The problem: Each line of the listing that includes the string "official" is to be identified and copied.
START Supplied records
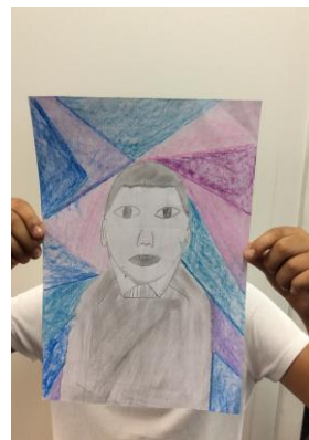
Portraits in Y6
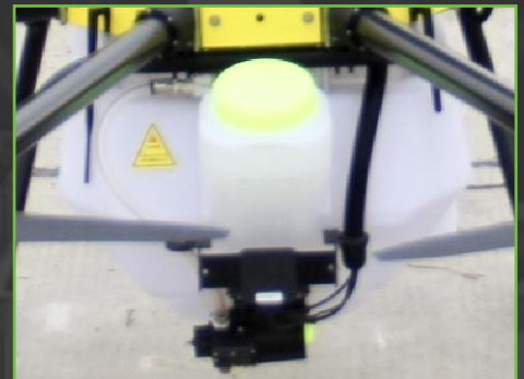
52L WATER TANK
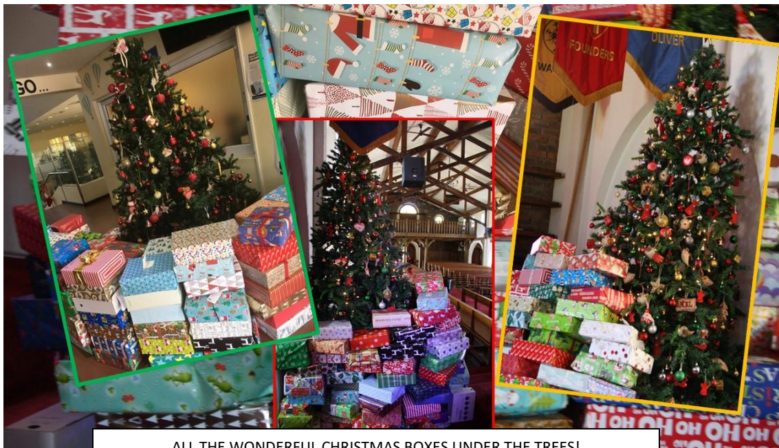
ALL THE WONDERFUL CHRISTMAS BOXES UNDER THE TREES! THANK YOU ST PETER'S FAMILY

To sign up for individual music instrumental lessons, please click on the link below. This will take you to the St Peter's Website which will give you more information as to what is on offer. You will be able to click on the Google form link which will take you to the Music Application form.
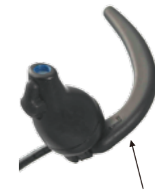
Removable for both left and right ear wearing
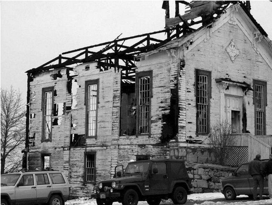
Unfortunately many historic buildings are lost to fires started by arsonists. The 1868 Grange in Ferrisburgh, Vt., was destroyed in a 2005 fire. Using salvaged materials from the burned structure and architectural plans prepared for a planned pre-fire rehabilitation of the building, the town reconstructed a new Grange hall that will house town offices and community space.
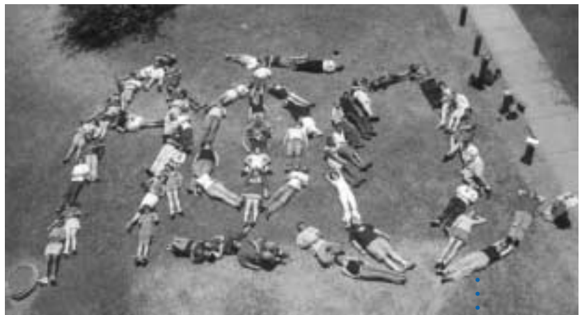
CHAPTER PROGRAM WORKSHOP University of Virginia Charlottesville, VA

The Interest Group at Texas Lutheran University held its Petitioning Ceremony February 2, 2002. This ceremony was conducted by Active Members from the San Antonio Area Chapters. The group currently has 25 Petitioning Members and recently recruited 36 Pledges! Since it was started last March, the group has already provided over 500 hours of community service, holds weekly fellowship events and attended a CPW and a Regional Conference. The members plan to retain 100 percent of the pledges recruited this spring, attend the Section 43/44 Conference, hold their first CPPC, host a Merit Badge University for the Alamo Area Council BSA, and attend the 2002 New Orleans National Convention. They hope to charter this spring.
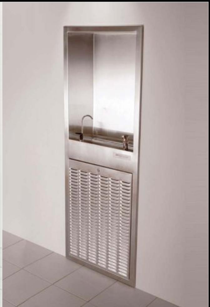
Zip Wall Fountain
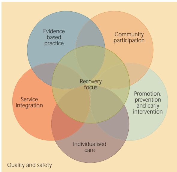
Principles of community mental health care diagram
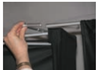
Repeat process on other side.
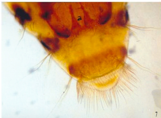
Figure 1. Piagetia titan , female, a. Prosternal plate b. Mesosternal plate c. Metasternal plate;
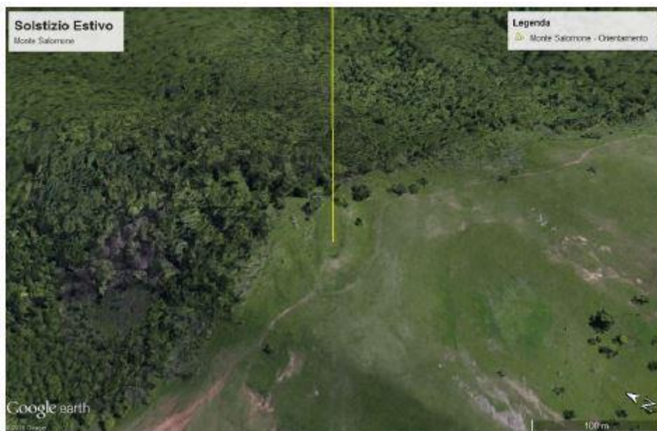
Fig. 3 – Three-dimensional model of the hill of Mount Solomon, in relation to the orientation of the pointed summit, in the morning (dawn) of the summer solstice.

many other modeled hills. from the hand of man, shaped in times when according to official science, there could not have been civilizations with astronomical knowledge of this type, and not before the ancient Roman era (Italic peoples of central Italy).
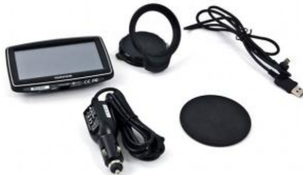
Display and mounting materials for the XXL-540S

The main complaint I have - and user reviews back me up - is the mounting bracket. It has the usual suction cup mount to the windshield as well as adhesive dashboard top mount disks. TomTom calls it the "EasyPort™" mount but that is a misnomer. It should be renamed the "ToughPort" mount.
END Supplied records
START Supplied records
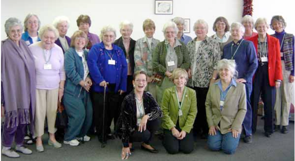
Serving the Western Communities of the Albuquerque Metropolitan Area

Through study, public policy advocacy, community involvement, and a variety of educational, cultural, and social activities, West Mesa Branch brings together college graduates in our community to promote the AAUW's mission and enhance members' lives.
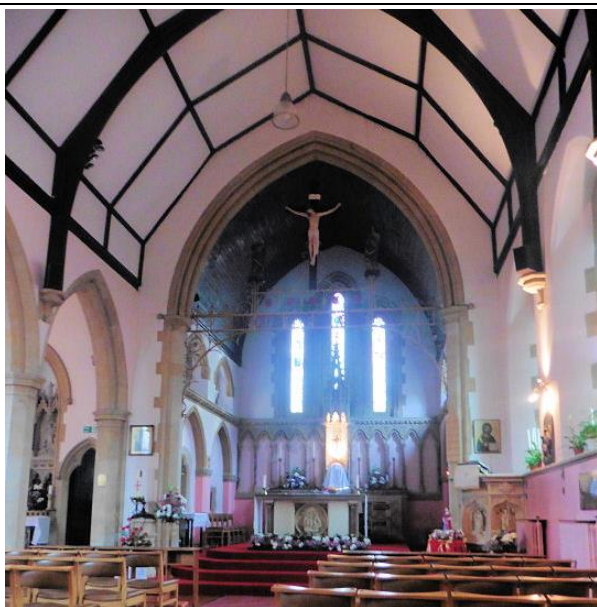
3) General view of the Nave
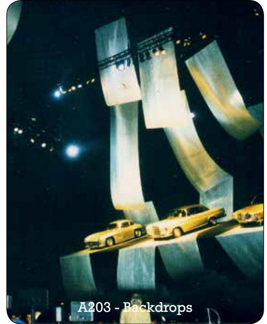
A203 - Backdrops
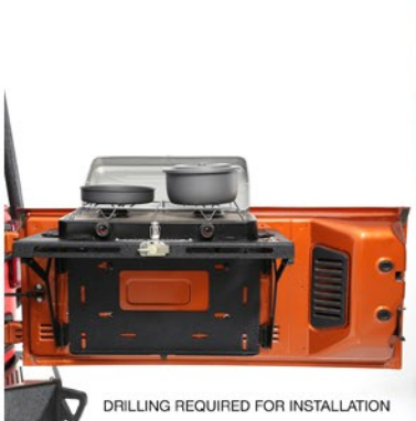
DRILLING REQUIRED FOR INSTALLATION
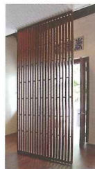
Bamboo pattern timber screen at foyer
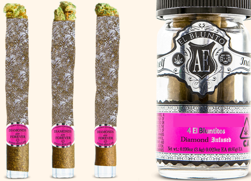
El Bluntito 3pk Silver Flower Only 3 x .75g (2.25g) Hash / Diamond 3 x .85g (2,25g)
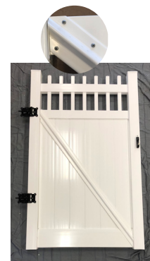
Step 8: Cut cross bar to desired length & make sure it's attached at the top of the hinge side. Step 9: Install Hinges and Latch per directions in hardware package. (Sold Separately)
END Supplied records
START Supplied records
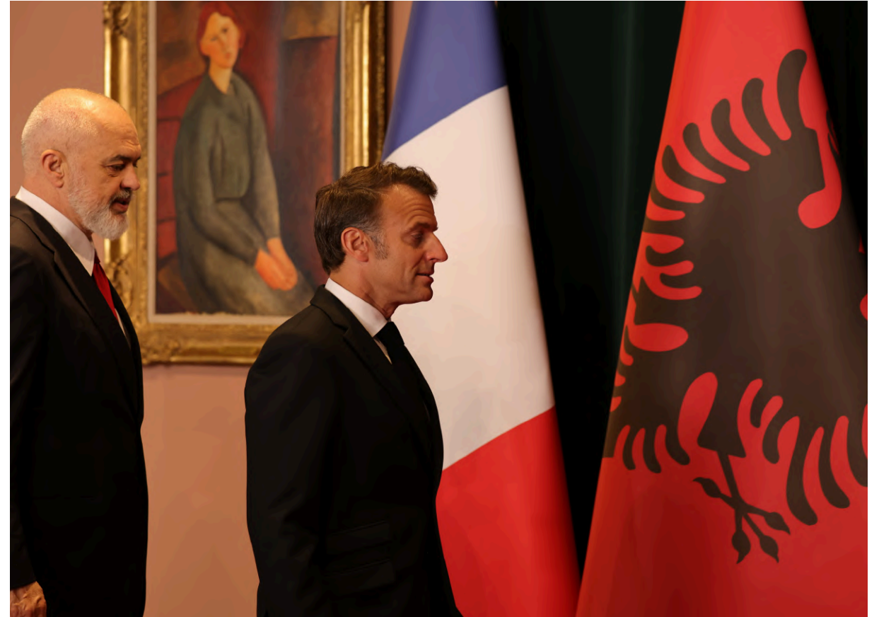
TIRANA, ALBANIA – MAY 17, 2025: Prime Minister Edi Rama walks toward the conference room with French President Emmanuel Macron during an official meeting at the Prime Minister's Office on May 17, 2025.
END Supplied records
Solution:
many other modeled hills. from the hand of man, shaped in times when according to official science, there could not have been civilizations with astronomical knowledge of this type, and not before the ancient Roman era (Italic peoples of central Italy).
TIRANA, ALBANIA – MAY 17, 2025: Prime Minister Edi Rama walks toward the conference room with French President Emmanuel Macron during an official meeting at the Prime Minister's Office on May 17, 2025.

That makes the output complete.